Nonetheless, it appears that Bitcoin futures ETFs can be a reliable way of gaining Bitcoin exposure in a traditional brokerage account. This saves investors the need to transact on a cryptocurrency exchange and self-custody their Bitcoin. However, it does prevent you from trading on a 24/7 basis.
Investors can also gain Bitcoin exposure by holding the shares of publicly traded Bitcoin miners. This is very much akin to buying gold miner stocks as a substitute for gold bullion. A readily accessible way of buying Bitcoin miner stocks is via a thematic ETF that holds a portfolio of them.
An example here is the Global X BlockChain ETF (BKCH), which holds 24 stocks involved in blockchain technology.

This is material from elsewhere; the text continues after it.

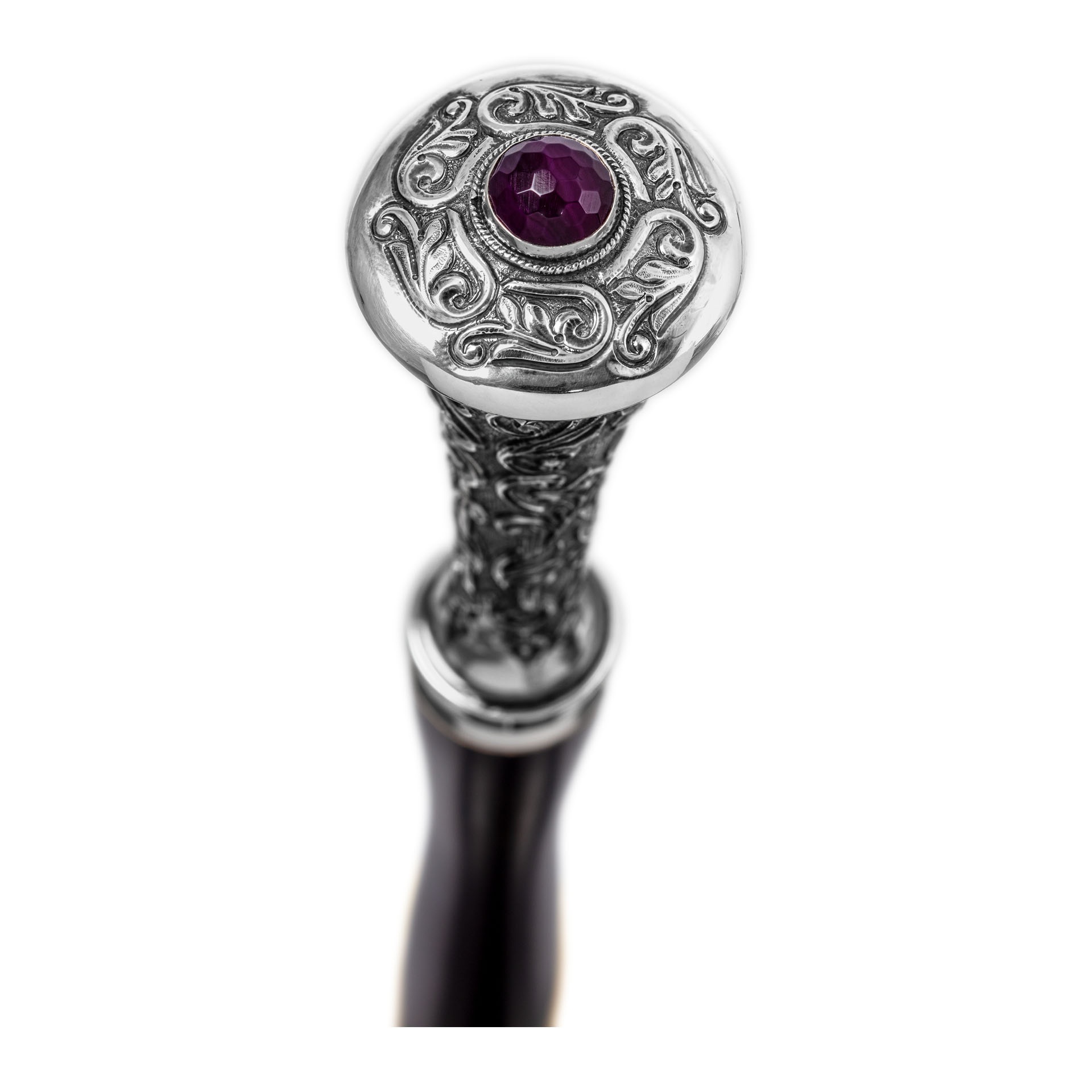 Посох №25 неразборный чеканный с фигурным окончанием №2 / серебрение

This ETF is not a pure-play Bitcoin miner ETF, given that it also holds companies involved in digital asset transactions, decentralized applications, hardware, and digital asset integration.
Nonetheless, it seems to have done its job of tracking the Bitcoin spot price fairly well. Year-to-date, BKCH has a 0.90 correlation with the Bitcoin spot price. However, it also has a higher correlation with equities at 0.86 versus 0.77 for Bitcoin. This is to be expected given that BKCH is comprised of stocks.

Global X also offers the Blockchain & Bitcoin Strategy ETF (BITS), which combines BKCH at 50% of its holdings with a Bitcoin future overlay. This is a hybrid approach that may appeal to investors seeking the best of both worlds. Compared to BITO, BITS costs a lower expense ratio of 0.65%.
Please note this article is for information purposes only and does not constitute investment advice.